U.S. oil drilling regulator ignored experts' red flags on environmental risks
Tuesday, May 25, 2010
The federal agency responsible for regulating U.S. offshore oil drilling repeatedly ignored warnings from government scientists about environmental risks in its push to approve energy exploration activities quickly, according to numerous documents and interviews.
Minerals Management Service officials, who can receive cash bonuses in the thousands of dollars based in large part on meeting federal deadlines for leasing offshore oil and gas exploration, frequently changed documents and bypassed legal requirements aimed at protecting the marine environment, the documents show.
This has dramatically weakened the scientific checks on offshore drilling that were established under landmark laws such as the Marine Mammal Protection Act and the National Environmental Policy Act, say those who have worked with the MMS, which is part of the Interior Department.
"It's a war between the biologists and the engineers," said Thomas A. Campbell, who served as the National Oceanic and Atmospheric Administration's general counsel under President George H.W. Bush. "They just have a very different worldview, and sometimes the engineers simply don't listen to the biologists."
Interviews and documents show numerous examples in which senior officials discounted scientific data and advice -- even from scientists elsewhere in the federal government -- that would have impeded oil and gas companies drilling offshore.
Under the Bush and Obama administrations, red flags raised by scientists at NOAA and the Marine Mammal Commission have gone unheeded.

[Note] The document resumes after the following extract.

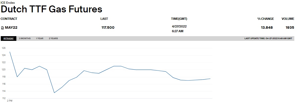 消息公布后,欧洲基准TTF荷兰天然气期货一度飙升24%,至127.5欧元/兆瓦时,创4月1日以来的最高水平,截至发稿,该期货涨13.85%,报117.5欧元/兆瓦时。
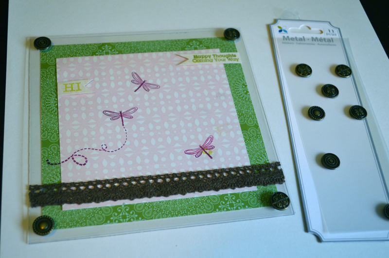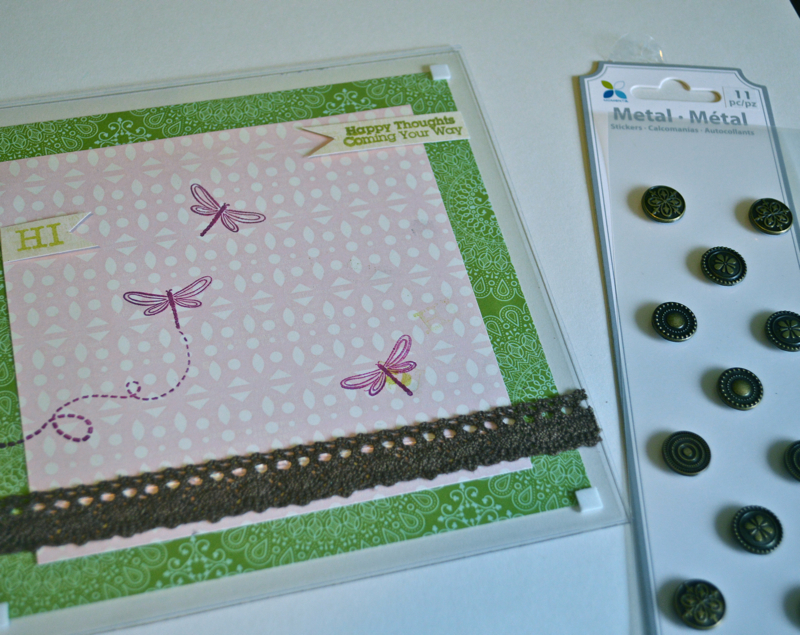 - Using buttons or pearls, adhere OVER foam pop dots (to hide them), I used metal pieces. (Momenta).

Obama officials say they are taking steps to ensure that science guides drilling decisions; former agency officials say such questions are rarely as simple as they seem.
Process for leases
Several instances involving the leasing process for a section of Alaska's Beaufort Sea and the Gulf of Mexico illustrate the problems the agency faces.
In 2006, then-MMS biologist Jeff Childs wrote a detailed analysis of how the Exxon Valdez spill had harmed generations of fish in Alaska's Prince William Sound and how a future spill could do the same in the Beaufort Sea.
But Childs's conclusion that "a large oil spill . . . is likely to result in significant adverse effects on local [fish] populations requiring three or more generations to recover" would have forced the MMS to conduct a full environmental impact statement before auctioning off a lease in the Beaufort Sea.
"I have concerns about Jeff's analysis and will not insert it into the [environmental assessment] being sent to HQ at this time," Deborah Cranswick, chief of the environmental assessment section at the MMS, wrote in an e-mail June 23 to her Alaska colleagues. "I believe that Regional management needs to review it first because Jeff has concluded new significant impacts from oil spills. This will trigger an [environmental impact statement] -- and thus delay the lease for at least a year."
Six days later, Paul Stang, Alaska's MMS regional supervisor for leasing and environment, sent a hand-written note to Childs saying, "As you know, a conclusion of significance under [the National Environmental Policy Act] means an EIS and delay in sale 202. That would, as you can imagine, not go over well with HQ and others."
When Childs balked at deleting the finding, another manager rewrote it so that the lease process could move ahead without delay.